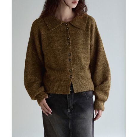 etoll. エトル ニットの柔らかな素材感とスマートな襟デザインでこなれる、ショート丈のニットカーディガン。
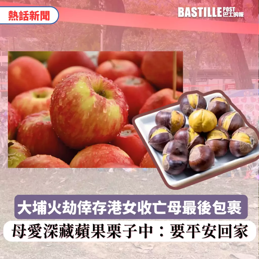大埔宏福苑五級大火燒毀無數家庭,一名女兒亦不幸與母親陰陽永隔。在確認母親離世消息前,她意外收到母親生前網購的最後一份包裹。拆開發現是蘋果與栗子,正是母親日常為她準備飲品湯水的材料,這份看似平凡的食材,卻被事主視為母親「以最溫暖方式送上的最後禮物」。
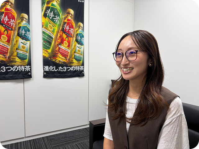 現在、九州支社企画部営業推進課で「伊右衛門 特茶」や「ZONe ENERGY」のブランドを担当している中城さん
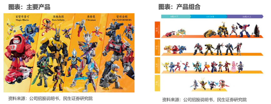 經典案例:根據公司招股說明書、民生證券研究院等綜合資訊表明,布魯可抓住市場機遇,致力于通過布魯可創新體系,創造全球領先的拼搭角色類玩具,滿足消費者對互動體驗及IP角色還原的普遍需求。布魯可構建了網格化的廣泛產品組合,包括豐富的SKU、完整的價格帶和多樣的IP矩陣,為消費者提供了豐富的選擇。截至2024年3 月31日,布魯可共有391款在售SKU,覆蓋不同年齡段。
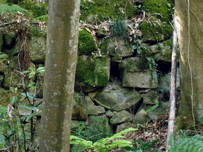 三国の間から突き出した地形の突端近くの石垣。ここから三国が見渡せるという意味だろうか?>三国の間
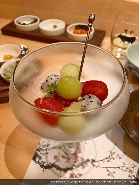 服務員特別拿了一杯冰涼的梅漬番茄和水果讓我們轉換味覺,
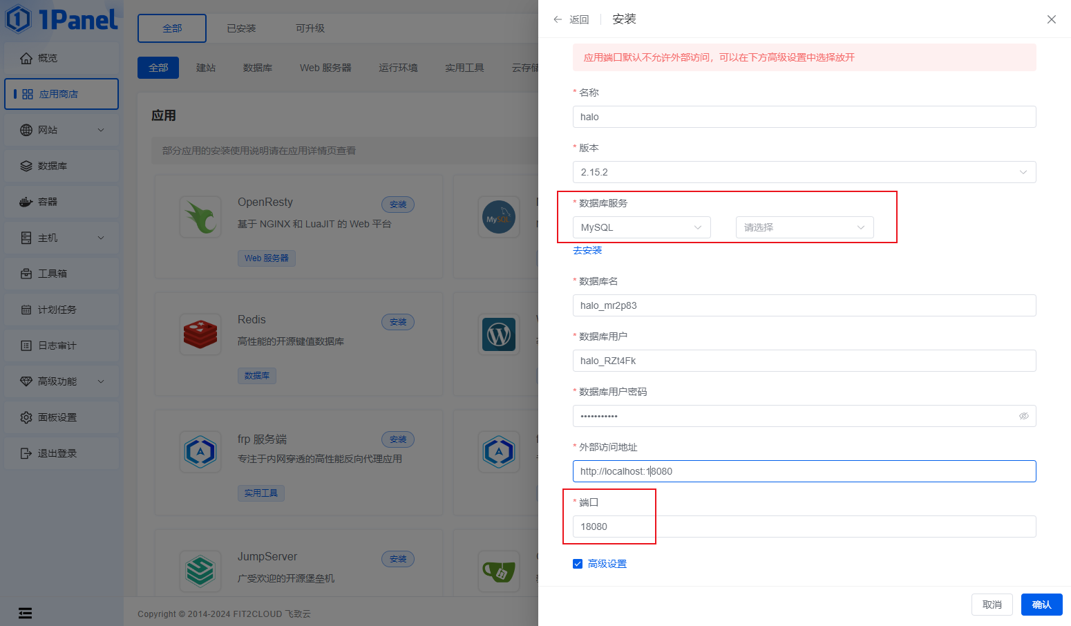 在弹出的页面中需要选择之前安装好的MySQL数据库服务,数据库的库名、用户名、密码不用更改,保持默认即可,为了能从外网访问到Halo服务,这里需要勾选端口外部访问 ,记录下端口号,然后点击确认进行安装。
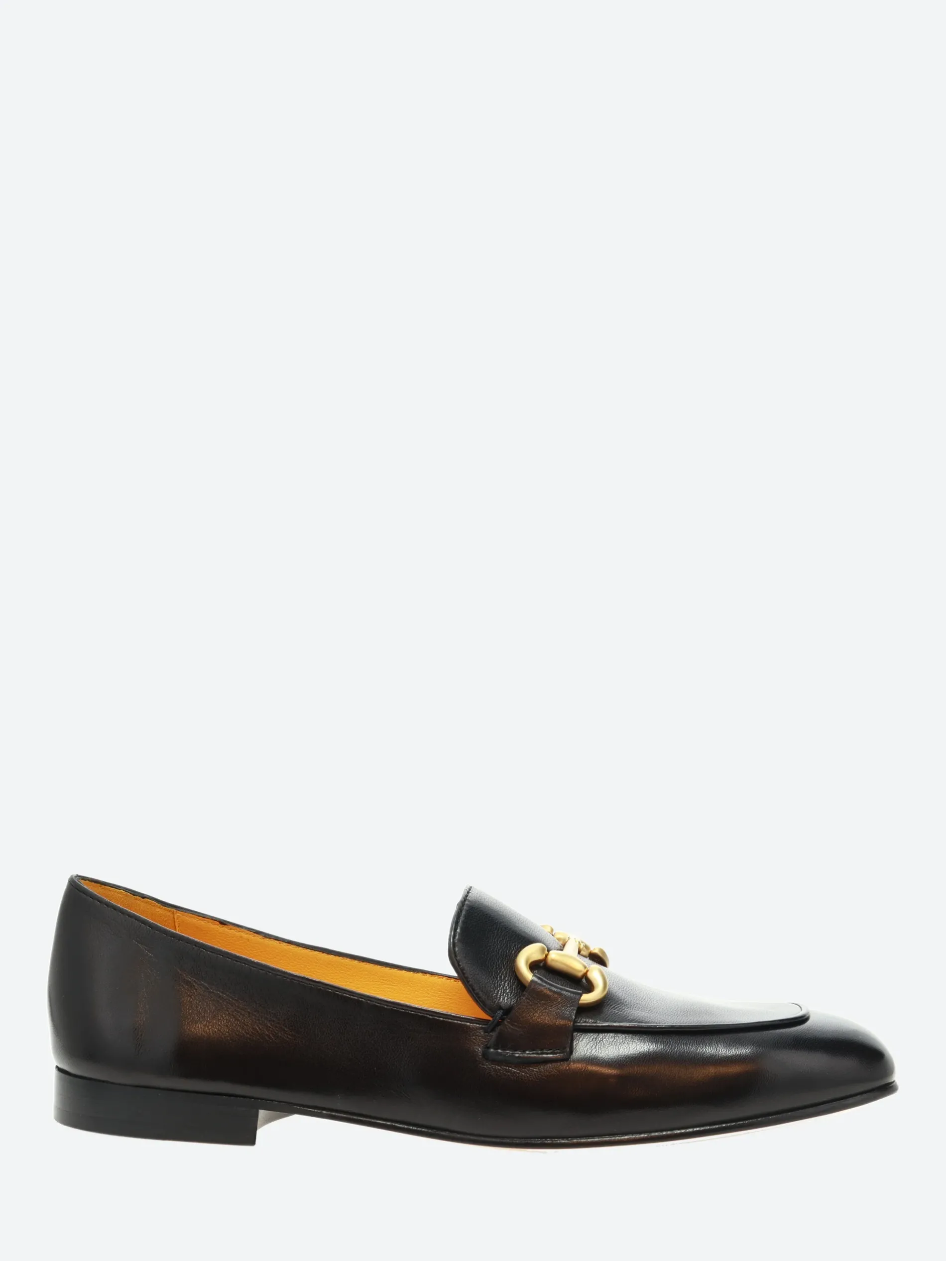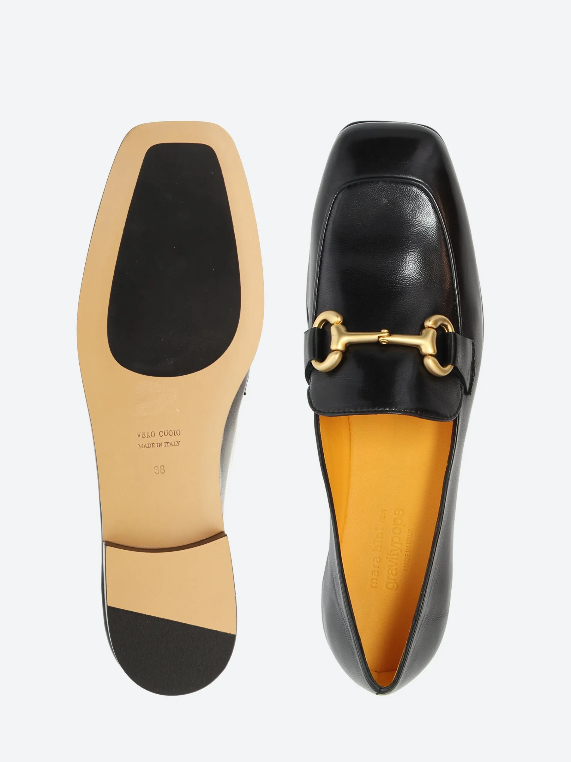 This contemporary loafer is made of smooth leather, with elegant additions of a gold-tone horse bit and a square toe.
***
### Task brief
The result should hold only the lines from the line with "現在、九州支社企画部営業推進課で「伊右衛門 特茶」や「ZONe ENERGY」のブランドを担当している中城さん" through the final line of the records above, copied exactly, with pictures left out.

### Answer to this exercise
 現在、九州支社企画部営業推進課で「伊右衛門 特茶」や「ZONe ENERGY」のブランドを担当している中城さん
 經典案例:根據公司招股說明書、民生證券研究院等綜合資訊表明,布魯可抓住市場機遇,致力于通過布魯可創新體系,創造全球領先的拼搭角色類玩具,滿足消費者對互動體驗及IP角色還原的普遍需求。布魯可構建了網格化的廣泛產品組合,包括豐富的SKU、完整的價格帶和多樣的IP矩陣,為消費者提供了豐富的選擇。截至2024年3 月31日,布魯可共有391款在售SKU,覆蓋不同年齡段。
 三国の間から突き出した地形の突端近くの石垣。ここから三国が見渡せるという意味だろうか?>三国の間
 服務員特別拿了一杯冰涼的梅漬番茄和水果讓我們轉換味覺,
 在弹出的页面中需要选择之前安装好的MySQL数据库服务,数据库的库名、用户名、密码不用更改,保持默认即可,为了能从外网访问到Halo服务,这里需要勾选端口外部访问 ,记录下端口号,然后点击确认进行安装。
 This contemporary loafer is made of smooth leather, with elegant additions of a gold-tone horse bit and a square toe.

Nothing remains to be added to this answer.